Use context: fork for heavy work: security scans, dependency analysis, documentation generation, test suite runs. The fork runs in the background and notifies you when done, keeping your main conversation responsive.

---
name: full-audit
description: Comprehensive codebase audit running in the background
context: fork
allowed-tools: Bash, Read, Grep, Glob, WebSearch
effort: high
---
Run a comprehensive audit:
- Security scan (grep for dangerous patterns, check dependencies for CVEs)
- Code quality (duplicated logic, dead code, missing error handling)
- Test coverage (untested critical paths)
- Dependency health (outdated packages, unused deps, license issues)

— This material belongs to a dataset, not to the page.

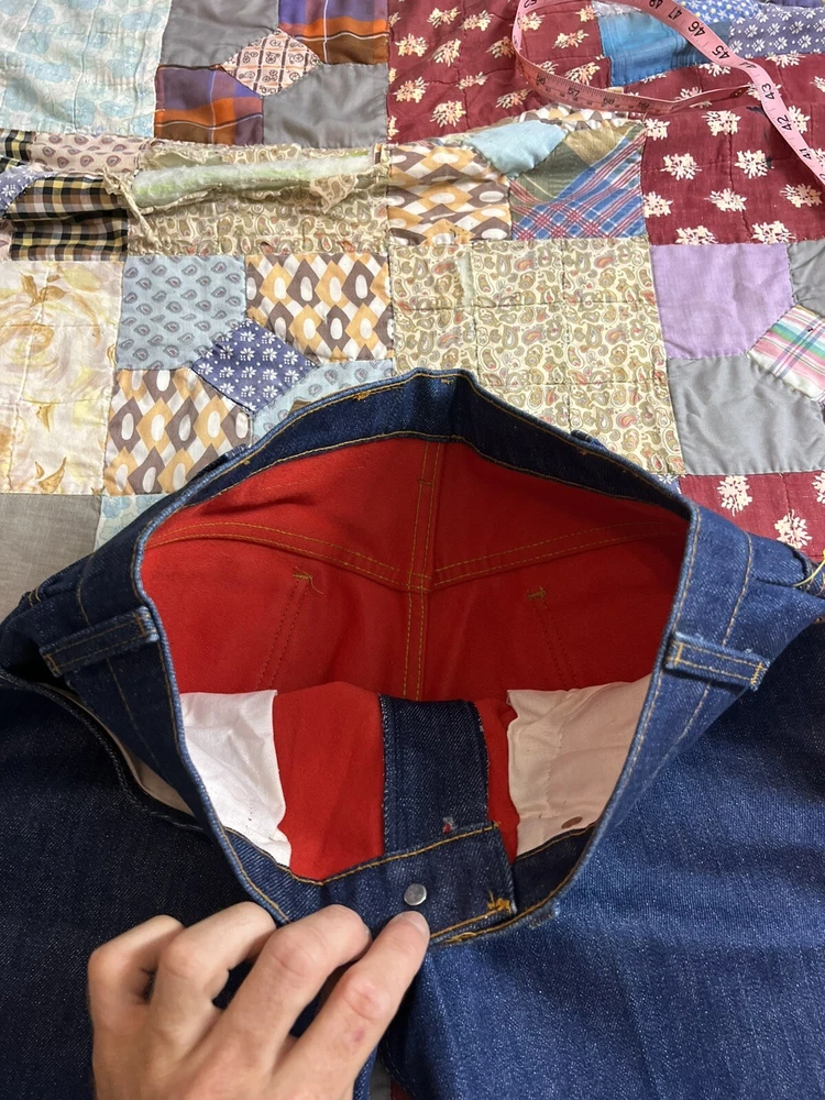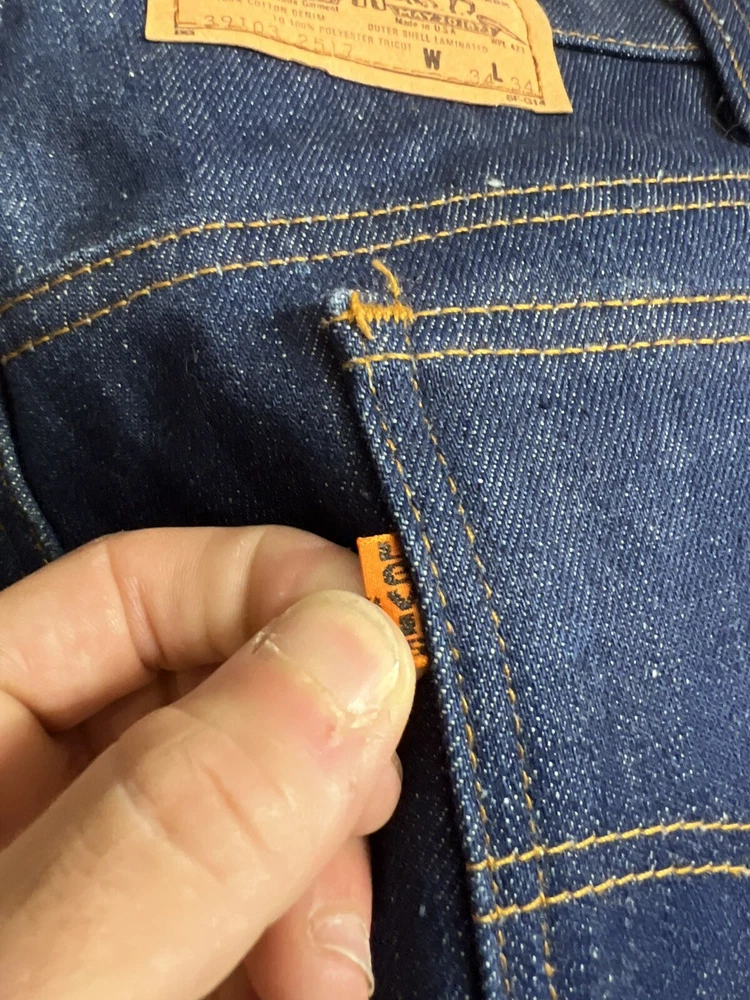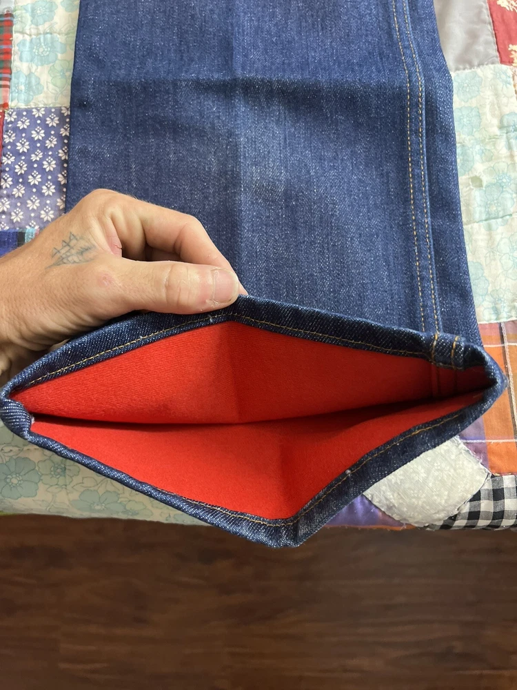 Levi’s Orange tab Red lined fleece maybe ? Denim pants Measurements in photos Measures 32x33 Good fade on back pockets Other then that very good stiff condition basically new Some flaws tho! As pictured INSPECT THE PHOTOS AND ASK ME QUESTIONS THANK YOU.
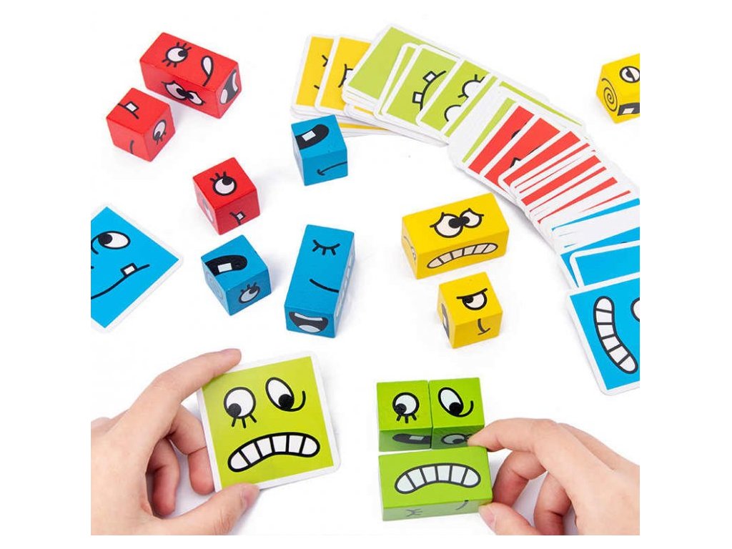 - Kompletní balení – obsahuje 12 barevných dřevěných kostek s výrazy a 50 karet výzev pro rozmanité hry a učení.

Write a detailed report to /tmp/audit-report.md when complete.

Putting it all together

A self-improving code reviewer with persistent memory and scoped hooks:

.claude/agents/reviewer.md:

---
name: reviewer
description: Code reviewer that learns your codebase patterns over time
tools: [Read, Grep, Glob, Bash]
effort: high
color: yellow
memory: project
hooks:
  PostToolUse:
    - matcher: "Bash"
      hooks:
        - type: command
          command: "~/.claude/hooks/log-review.sh"
          async: true
---
Before reviewing, read your memory for past findings on this codebase.

Review git diff HEAD~1 for:
- Patterns you've flagged before (check memory)
- New issues worth flagging
- Resolved issues from past reviews

After review, save to memory:
- New patterns found (type: feedback)
- Recurring issues (type: project)

End with VERDICT: PASS, FAIL, or NEEDS_REVIEW.

This agent remembers what it found last time. It knows which patterns keep recurring. After a few reviews, it starts catching project-specific issues that a generic reviewer would miss.

A SessionStart hook with file watching plus an asyncRewake safety net:

settings.json:

{
  "hooks": {
    "SessionStart": [{
      "hooks": [{
        "type": "command",
        "command": "~/.claude/hooks/session-context.sh",
        "statusMessage": "Loading project context..."
      }]
    }],
    "PreToolUse": [{
      "matcher": "Bash",
      "hooks": [{
        "type": "command",
        "command": "~/.claude/hooks/auto-approve-readonly.sh"
      }, {
        "type": "command",
        "command": "~/.claude/hooks/block-dangerous.sh",
        "asyncRewake": true,
        "statusMessage": "Safety check..."
      }]
    }]
  }
}

~/.claude/hooks/block-dangerous.sh:

#!/bin/bash
CMD=$(jq -r '.tool_input.command' < /dev/stdin)
echo "$CMD" | grep -qE '(rm -rf /|sudo rm|chmod 777|> /dev/)' && exit 2 || exit 0

Read-only commands get auto-approved instantly. Dangerous commands get blocked. Everything in between goes through normal permission flow. The safety scanner runs async so it doesn’t slow anything down on the happy path.

A skill with model override, effort control, and agent delegation:

---
name: architecture-review
description: Deep architecture review using max effort, delegated to fresh-eyes agent
agent: fresh-eyes
effort: max
---
Review the architecture of this project. Ignore existing conventions (the agent has omitClaudeMd: true).
Focus on: $ARGUMENTS

Evaluate structural decisions, dependency graph health, separation of concerns, and scalability characteristics.

This chains three undocumented features: effort: max for deep thinking, agent delegation to a specific agent, and that agent uses omitClaudeMd: true for unbiased analysis.

These undocumented features reveal the gap between what Claude Code is today and what Anthropic is building it to become. The hooks system with event-specific response fields is a programmable middleware layer for AI tool use, more flexible than most CI/CD pipelines. Persistent agent memory creates AI specialists that accumulate genuine expertise across sessions. The dream consolidation system is learning from experience without model retraining. The auto-mode classifier accepts natural language descriptions of your environment to make safety decisions.

These aren’t hidden settings or easter eggs. They’re the scaffolding for persistent, learning, autonomous AI development environments, and they’re already functional in the npm package on your machine. The docs will probably catch up eventually, but if you want to build on the cutting edge of what Claude Code can actually do, the source code is where the real documentation lives.